━━ DATA PROVIDED

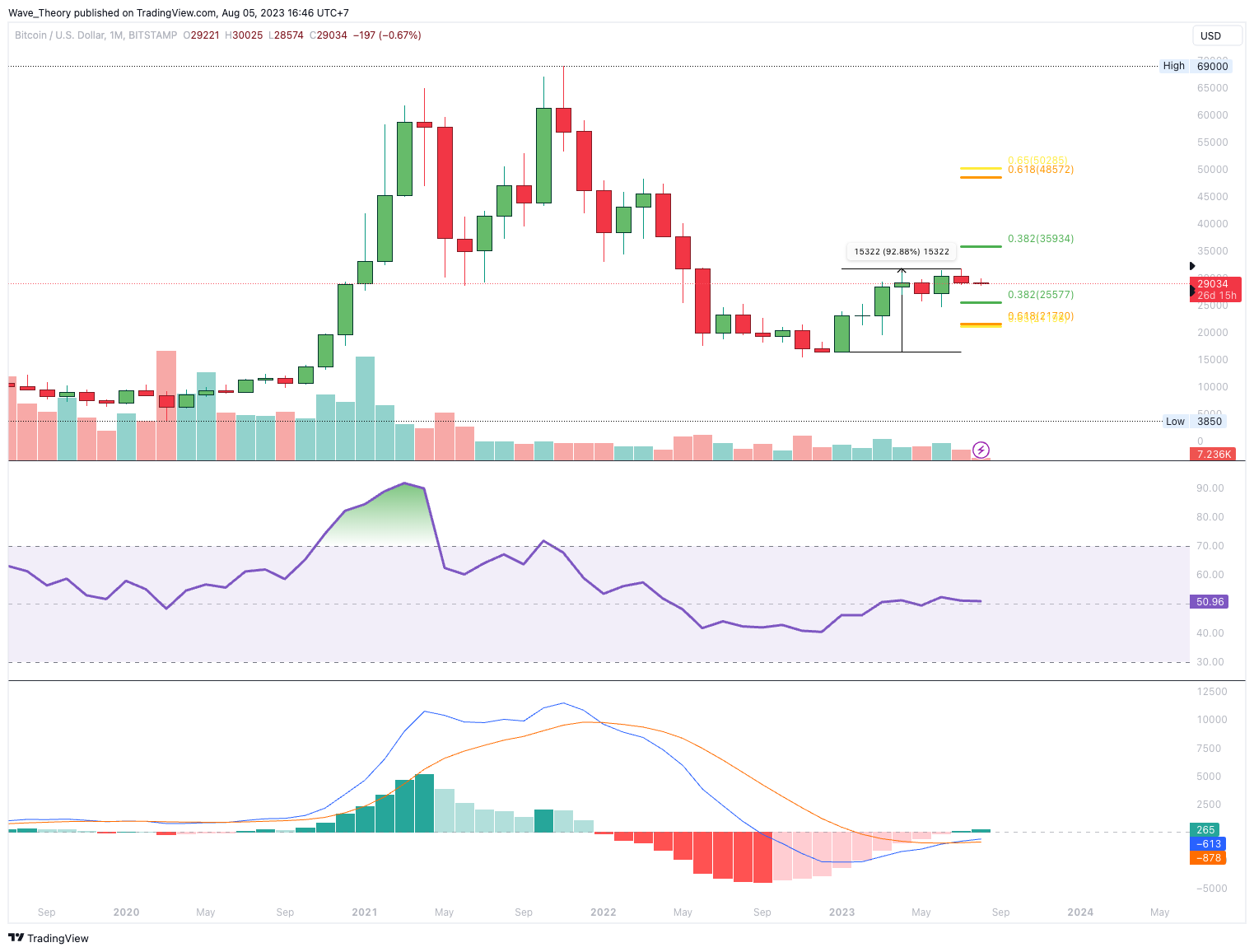 Solange sich Bitcoin über der Golden Ratio bei rund 21.200 USD hält, bleibt die Aufwärtsbewegung bullisch intakt. Im überliegenden Trend ist Bitcoin aber immer noch bärisch, denn für einen neuen Bullenzyklus muss Bitcoin die Fib Widerstände bei rund 36.000 USD und 50.000 USD überwinden.
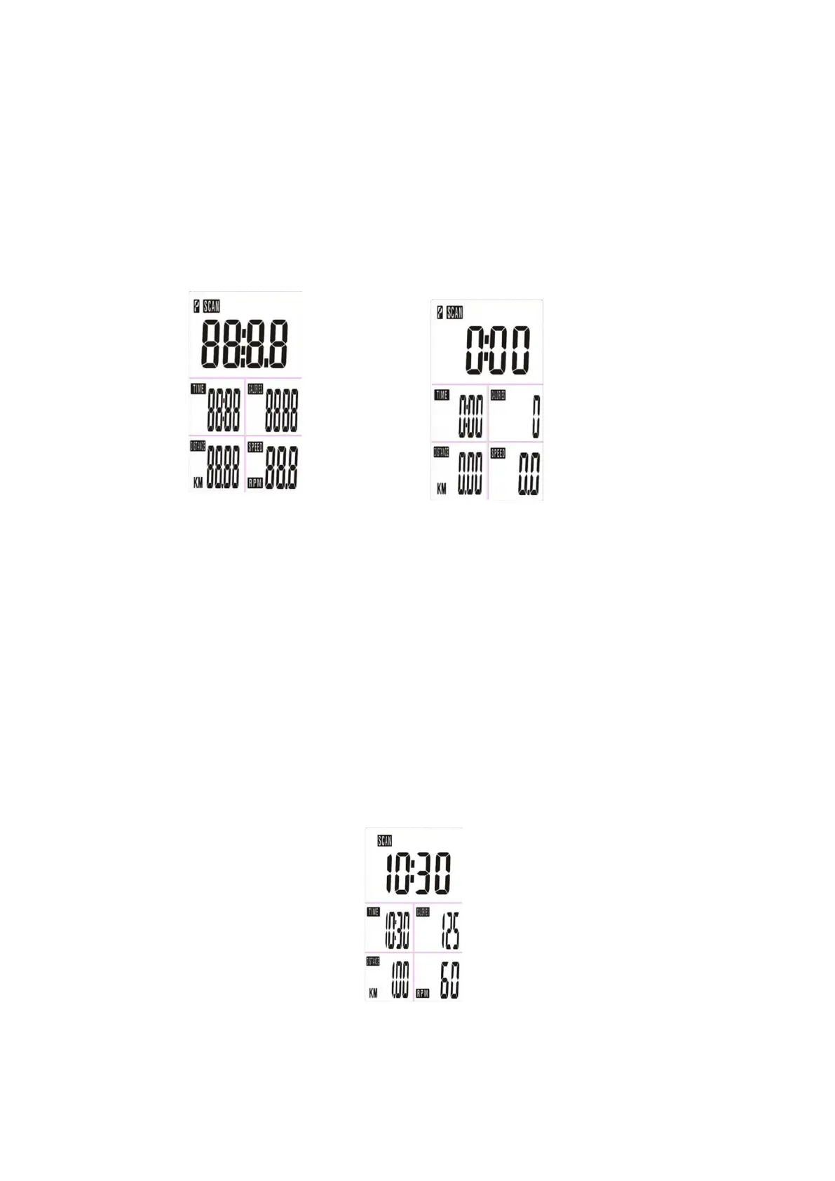 TIME/DISTANCE/CALORIES/(RPM/SPEED) cada 6 segundos. El orden es el siguiente.
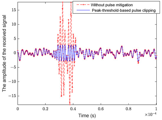 Equation (15) indicates that at the position of the impulsive noise, i.e., , the receiver performs ideal pulse blanking, which results in the whole received signal being blanked to zero. Therefore, in this case the equivalent noise satisfies . By contrast, for positions without impulsive noise, i.e., , only AWGN exists in the channel; hence, the equivalent noise satisfies .

━━━━

Restate the material above exactly. Exclude all pictures.

WRITTEN REPLY:
 Solange sich Bitcoin über der Golden Ratio bei rund 21.200 USD hält, bleibt die Aufwärtsbewegung bullisch intakt. Im überliegenden Trend ist Bitcoin aber immer noch bärisch, denn für einen neuen Bullenzyklus muss Bitcoin die Fib Widerstände bei rund 36.000 USD und 50.000 USD überwinden.
 TIME/DISTANCE/CALORIES/(RPM/SPEED) cada 6 segundos. El orden es el siguiente.
 Equation (15) indicates that at the position of the impulsive noise, i.e., , the receiver performs ideal pulse blanking, which results in the whole received signal being blanked to zero. Therefore, in this case the equivalent noise satisfies . By contrast, for positions without impulsive noise, i.e., , only AWGN exists in the channel; hence, the equivalent noise satisfies .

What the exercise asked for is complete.